Cow milk allergenicity in children is often caused by the presence of β‐LG, which is absent in human milk. Although β‐LG has been implicated most often in allergic reactions to cow milk, the caseins, α‐LA, serum albumin, and immunoglobulins and digests of these proteins are also allergenic in infants and children. Elimination of β‐LG by knocking out its gene from cow milk is unlikely to have any detrimental effects on either cow or human formula and might actually overcome many of the major allergy problems associated with cow milk.
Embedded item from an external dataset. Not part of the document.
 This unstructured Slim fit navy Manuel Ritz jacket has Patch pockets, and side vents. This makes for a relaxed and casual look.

AgResearch (New Zealand) is field‐testing dairy cattle that have been genetically modified to eliminate the β‐LG gene (www.agresearch.co.nz, 2001).
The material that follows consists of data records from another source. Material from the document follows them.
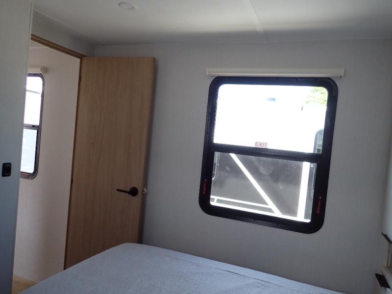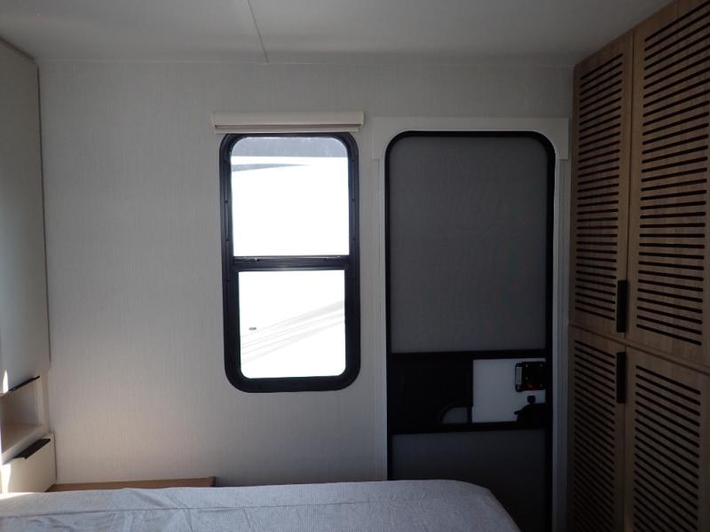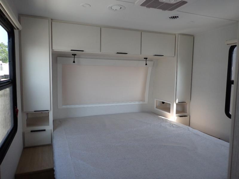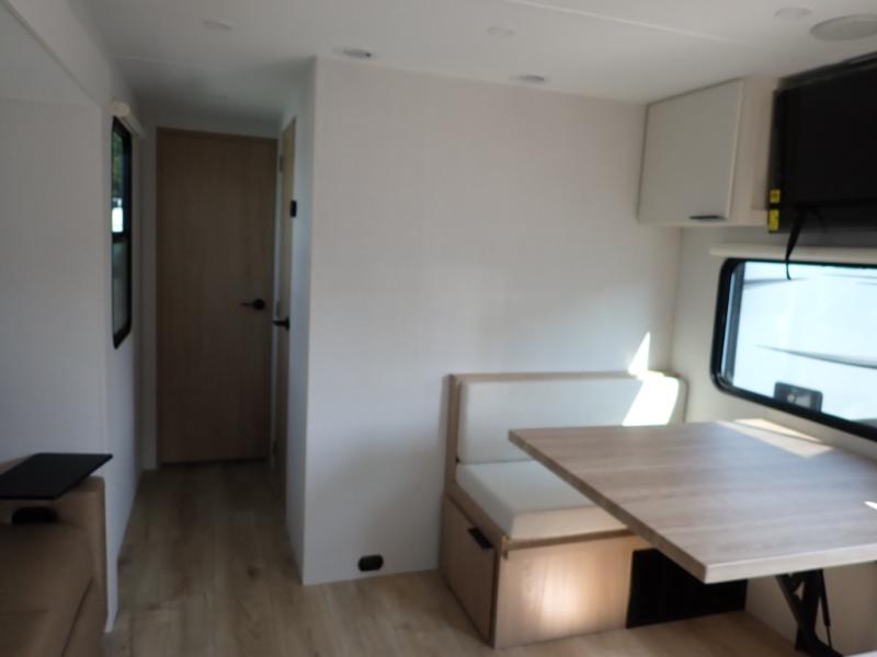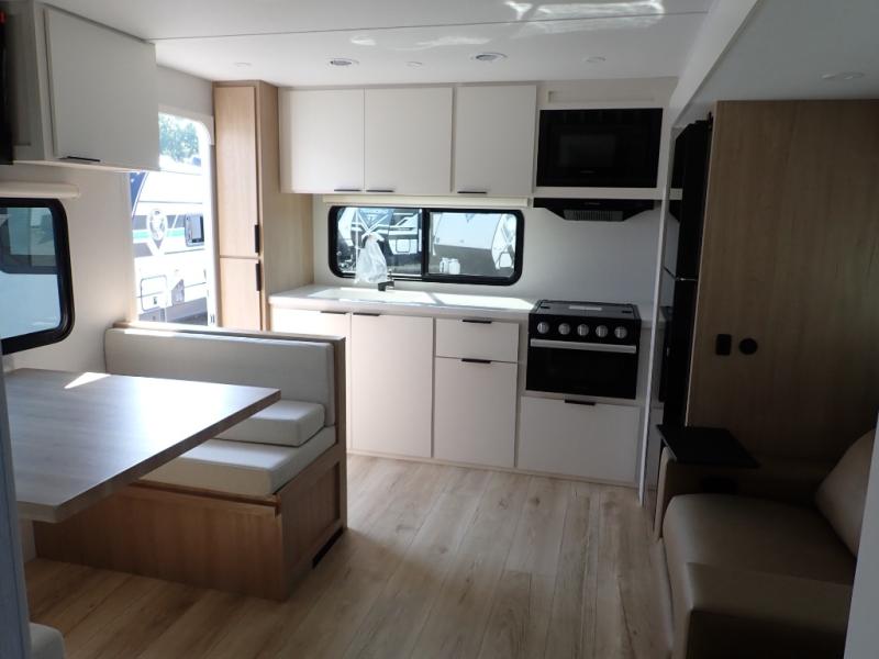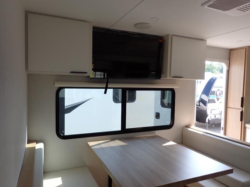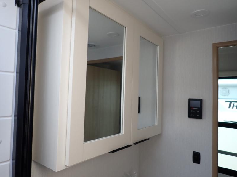 The Thrive™ 24RKS offers smart design and comfort with dual entry doors for easy access. The spacious rear galley features a pull-out pantry, integrated waste and recycling bins, and generous counter space for effortless meal prep. Enjoy extra room in the MegaDinette, which adds 10 inches of seating—perfect for dining, working, or relaxing. The private front bedroom includes an Olympic queen-size bed, a full closet with washer/dryer prep, and a large panoramic window for natural light. The 24RKS is built for travelers who don't want to compromise on home-like features on the road.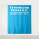 Para uma Noite de Apresentação de Equipe Esportiva ou Noite de Troféus de Clube de Futebol. Um pano de fundo pendurado nas cores do clube e com o nome da equipe esportiva ou clube de futebol. Pano de fundo fotográfico para noite de premiação de equipe esportiva. Azul claro e branco. Azul celeste.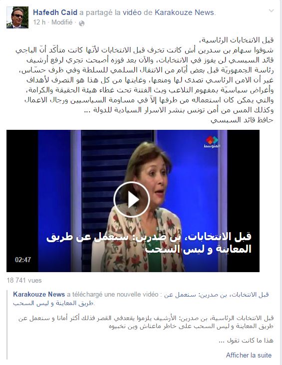وأضاف السبسي، في تدوينة له على حسابه الخاص على الفايسبوك، أنّ بن سدرين سارعت بنقل الأرشيف بعد فوز والده وققبل بعض أيّام من الانتقال الديمقراطي، مؤكداً أنّ غايتها من كل هذا هو التصرف لأهداف وأغراض سياسيّة بمفهوم التلاعب.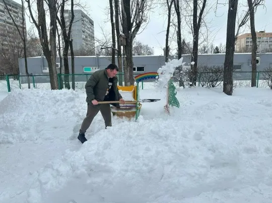 В последний день зимы выпало большое количество снега — ❄️❄️❄️ игровые площадки детского сада оказались полностью занесены.

Further, as milk protein allergenicity studies demonstrate that all food proteins are potential allergens and that allergenic structures are widely spread throughout the protein molecule, milk is a good model in the search for means of characterizing allergenic structures in food (Wal, 1998). Therefore, while developing strategies for the identification and evaluation of potential allergenicity in novel foods, many of the technological practices used in the assessment of milk protein allergenicity can be adapted.

Lactose intolerance

Lactose intolerance is a distinct entity from cow milk protein sensitivity and causes abdominal pain, diarrhea, nausea, flatulence, and/or bloating. While avoidance of milk and other dairy products will bring relief in children suffering from lactose intolerance, it may cause problems in optimal bone mineralization owing to lack of calcium in diet. Several lactose‐free and lactose‐reduced milks are now available in markets to cater to such infants. The scope of transgenic technology to reduce the lactose content in the milk of small animals has been reviewed elsewhere in this chapter (Section IV.A). The extension of this technique to include farm animals is targeted in the future.

Inability to digest milk is not exclusively due to lactose intolerance. From a study involving African‐Americans between the ages 12 and 40 years, Johnson concluded that cause of milk intolerance in as many as one‐third of the subjects claiming symptoms after ingestion of a moderate amount of milk was not its lactose content. Many infants, especially those born before term, have low lipase activity. One potential application of transgenic technology could be to produce the human lipase, which is stimulated by bile salt in the milk of bovines. The lipase thus produced could be used as a constituent of infant formulas to increase the digestibility of milk lipids, particularly in premature infants who have low lipase activity (Lonnerdal, 1996).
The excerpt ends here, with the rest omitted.